Kalgutkar Amit S, Nguyen Hang T, Vaz Alfin D N, Doan Anke, Dalvie Deepak K, McLeod Dale G, Murray John C
Department of Pharmacokinetics, Dynamics, and Metabolism, Pfizer Global Research and Development, Groton, CT 06340, USA.
Drug Metab Dispos. 2003 Oct;31(10):1240-50. doi: 10.1124/dmd.31.10.1240.

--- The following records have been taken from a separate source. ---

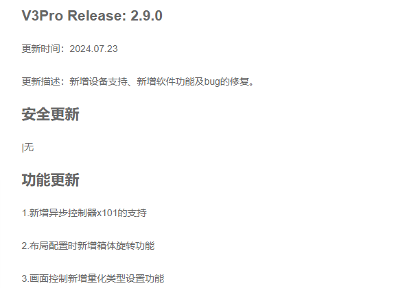 查看詳細 >>V3Pro Release: 2.9.0更新(xīn)時間(jiān):2024.07.23更(gèng)新描述:新增設備支持、新(xīn)增軟件功能及bug的修複。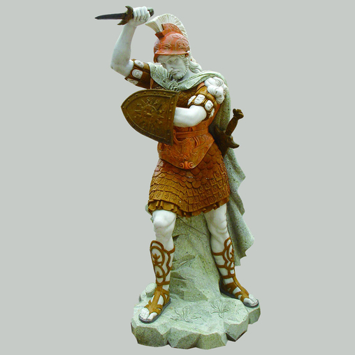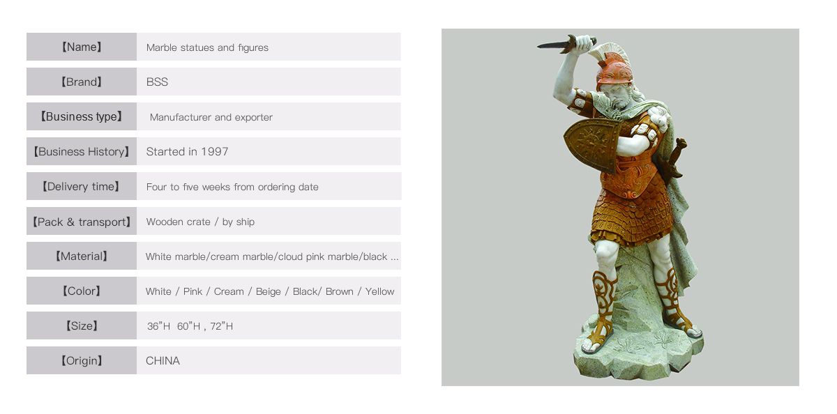 This beautiful Roman warrior statue ishand-caved in a few beautiful natural marble.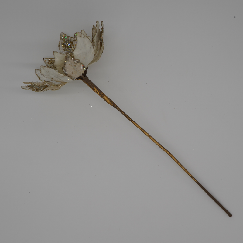 For an elegant addition to your holiday decor, this ivory and gold poinsettia stem will be perfect.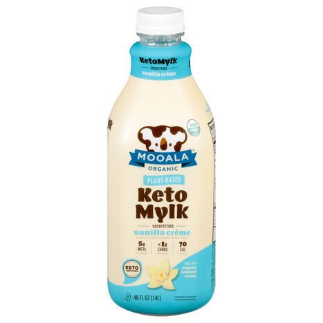 Made with organic coconut cream. Naturally flavored with other natural flavors. 5 g MCTs per serving. Less than 1 g carbs per serving. 70 cal per serving. USDA organic. Certified organic by Oregon Tilth. This product is keto certified. ketocertified.com. Dairy-free. Gluten-free. Lactose-free. Soy-free. Vegan. Each servings contains: Vitamin D (2 mcg) & vitamin K2 (12 mcg). No sugar added (Not a low-calorie food. See nutrition facts for information on calorie content) Non-GMO. Plant-based. Pronounced like koala! (moo-ah-luh). Meet Mooala: He has spots like a cow but lives in a tree. In fact, he is almost exactly like a regular koala, except he picks nuts, seeds & fruit from his favorite trees, and blends them into the most delicious, organic plant-based beverages in a secret Mooala factory. Then, he leaves bottles at your favorite grocery store, hides and ways for you to pick them up! (Sometimes he follows you home)! Vanilla Creme Keto Mylk - doesn't it sound like a cloud your Keto head could take a nap on? Rest easy with less than 1 g carbs and 5g MCTs per serving in this silky. creamy deliciousness. It'll be your new go-to for shakes. baked goods. or just by the glass after a refreshing workout. Did we mention it tastes like vanilla frosting? Carrageenan free. Texas owned & operated. moaala.com. Stay in touch! We're warm & fuzzy: Facebook; Instagram (at)mooala_koala. Facebook MooalaBrands. Visit moaala.com for more! Koalas recycle and you should too! (Please remove plastic wrap before recycling).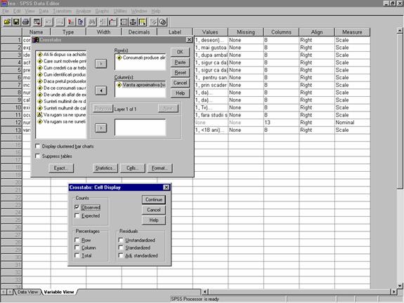 In fereastra Crosstabs la rubrica Row(s) trecem variabila "consumat" iar la rubrica column(s) trecem variabila "varsta" Actionând butonul Cells (sageata) se deschide fereastra Cells Display unde se selecteaza la rubrica "Counts" afisarea valorilor observate " Observed" si a valorilor teoretice asteptate " Expected".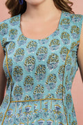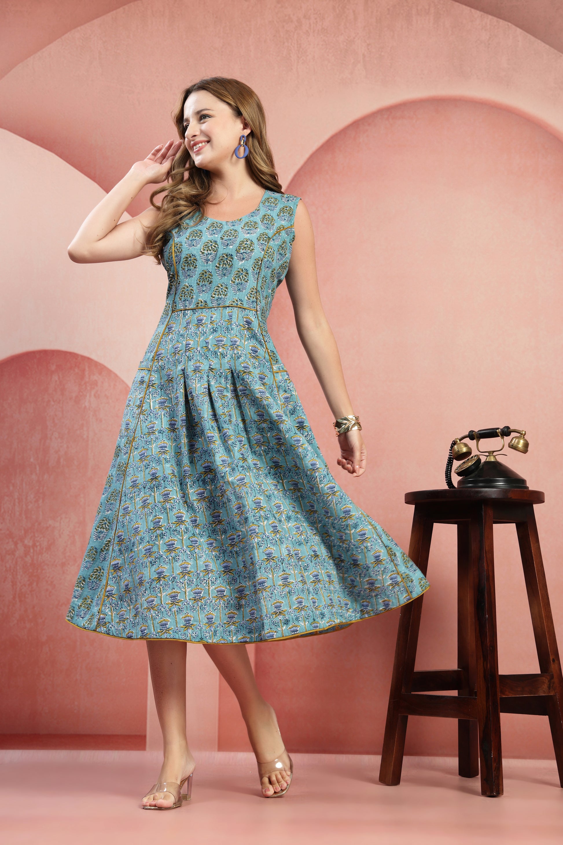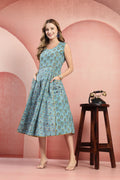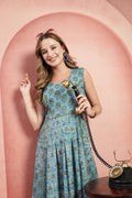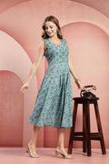 Elevate your everyday style with our Hand-Printed Paneled Cotton Dress. This unique midi-length garment features a masterfully crafted multi-panel construction that blends complementary floral patterns for a modern, bohemian look. Designed with a sleeveless bodice and a gracefully pleated skirt, this dress offers a timeless fit-and-flare silhouette perfect for warm-weather elegance.
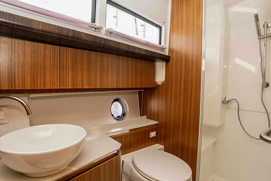 No convés inferior é onde ficam as cabines. A do casal fica localizada à proa e pode ser configurada com um espaço de home office, um sofá extra ou um banheiro privativo, que a transformaria em suíte. Mais ao centro da lancha, ficam o banheiro completo fixo e outro dormitório, com duas camas de solteiro.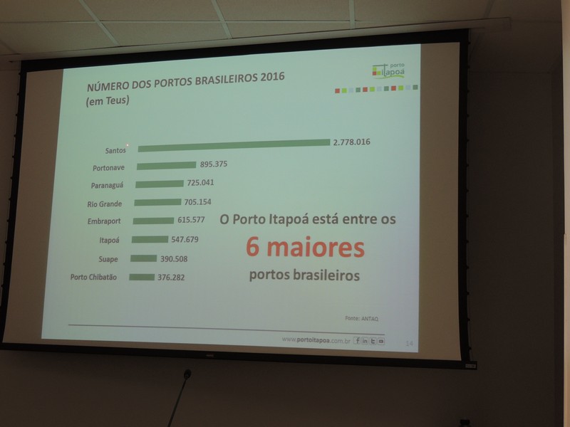 Hoje, segundo apresentado por Alberto Machado, Itapoá já é o sexto maior complexo portuário de contêineres do Brasil, atrás apenas dos de Santos, Portonave (Navegantes), Paranaguá, Rio Grande e Embraport (que também fica em Santos). No estado catarinense, o Porto Itapoá é o que mais cresce em participação de mercado. A previsão do Terminal é que até março de 2018, seja concluída a primeira etapa de sua ampliação, o que aumentaria ainda mais sua capacidade.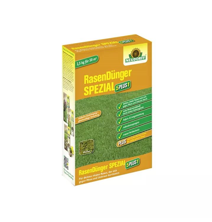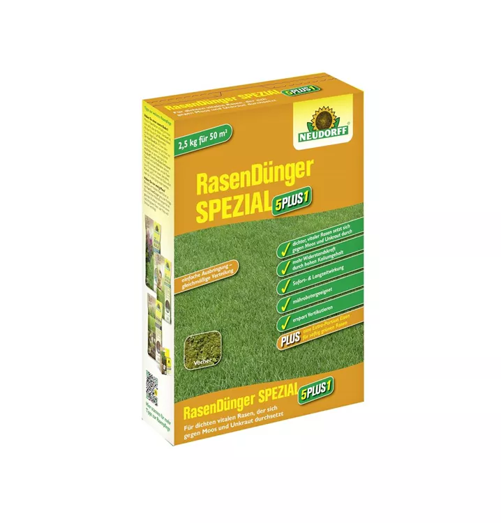 Organisch-mineralischer NPK-Dünger 8-4,5-13 mit innovativer 5PLUS 1 Formel. Für dichten und vitalen Rasen, der Moos und Unkraut verdrängt. Enthält eine Extra-Portion Eisen für saftiges Grün. Der hohe Kaliumgehalt sorgt für mehr Widerstandskraft gegen Trockenheit, Kälte und Krankheiten. Mit Sofort-& Langzeitwirkung. Ein Vertikutieren ist nicht mehr notwendig, der Dünger ist gut für Mulchmäher und Mähroboter geeignet.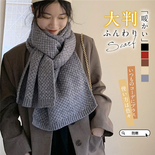 【~4/20まで P2倍+限定クーポン】 マフラー ストール レディース メンズ 無地 厚手 ニット ローゲージ 巻き物 秋 冬 防寒 ネックウォーマー ロングマフラー 暖かい 厚手 シンプル

The 3-unsubstituted isoxazole ring in the anti-inflammatory drug leflunomide undergoes a unique N-O bond cleavage to the active alpha-cyanoenol metabolite A771726, which resides in the same oxidation state as the parent. In vitro studies were conducted to characterize drug-metabolizing enzyme(s) responsible for ring opening and to gain insight into the mechanism of ring opening. Under physiological conditions, leflunomide was converted to A771726 in rat and human plasma (rat plasma,t1/2 = 36 min; human plasma, t1/2 = 12 min) and whole blood (rat blood, t1/2 = 59 min; human blood, t1/2 = 43 min). Human serum albumin also catalyzed A771726 formation, albeit at a much slower rate (t1/2 = 110 min). Rat and human liver microsomes also demonstrated NADPH-dependent A771726 formation (human liver microsomes, Vmax = 1797 pmol/min/mg and Km = 274 microM). Leflunomide metabolism in microsomes was sensitive to furafylline treatment, suggesting p4501A2 involvement. 3-Methylleflunomide, which contained a 3-methyl substituent on the isoxazole ring, was resistant to ring opening in base, plasma, blood, and liver microsomes. In microsomes, two monohydroxylated metabolites were formed, and metabolite identification studies established the 3- and the 5-methyl groups on the isoxazole ring as sites of hydroxylation. These results indicate that the C3-H in leflunomide is essential for ring opening. Although A771726 formation in human liver microsomes or recombinant p4501A2 required NADPH, its formation was greatly reduced by oxygen or carbon monoxide, suggesting that the isoxazole ring opening was catalyzed by the p450Fe(II) form of the enzyme. A mechanism for the p450-mediated ring scission is proposed in which the isoxazole ring nitrogen or oxygen coordinates to the reduced form of the heme followed by charge transfer from p450Fe(II) to the C=N bond or deprotonation of the C3-H, which results in a cleavage of the N-O bond.
抗炎药来氟米特中未被取代的异恶唑环会发生独特的N - O键断裂,生成活性α - 氰基烯醇代谢物A771726,该代谢物与母体处于相同氧化态。进行了体外研究以表征负责开环的药物代谢酶,并深入了解开环机制。在生理条件下,来氟米特在大鼠和人血浆中(大鼠血浆,t1/2 = 36分钟;人血浆,t1/2 = 12分钟)以及全血中(大鼠血液,t1/2 = 59分钟;人血液,t1/2 = 43分钟)转化为A771726。人血清白蛋白也催化A771726的形成,尽管速率要慢得多(t1/2 = 110分钟)。大鼠和人肝微粒体也显示出依赖NADPH的A771726形成(人肝微粒体,Vmax = 1797 pmol/分钟/毫克,Km = 274 microM)。微粒体中来氟米特的代谢对呋拉茶碱处理敏感,表明有p4501A2参与。3 - 甲基来氟米特在异恶唑环上含有一个3 - 甲基取代基,在碱、血浆、血液和肝微粒体中对开环具有抗性。在微粒体中,形成了两种单羟基化代谢物,代谢物鉴定研究确定异恶唑环上的3 - 和5 - 甲基为羟基化位点。这些结果表明来氟米特中的C3 - H对于开环至关重要。虽然人肝微粒体或重组p4501A2中A771726的形成需要NADPH,但其形成因氧气或一氧化碳而大大减少,这表明异恶唑环的开环是由该酶的p450Fe(II)形式催化的。提出了一种p450介导的环断裂机制,其中异恶唑环的氮或氧与血红素的还原形式配位,随后电荷从p450Fe(II)转移到C = N键或C3 - H去质子化,这导致N - O键断裂。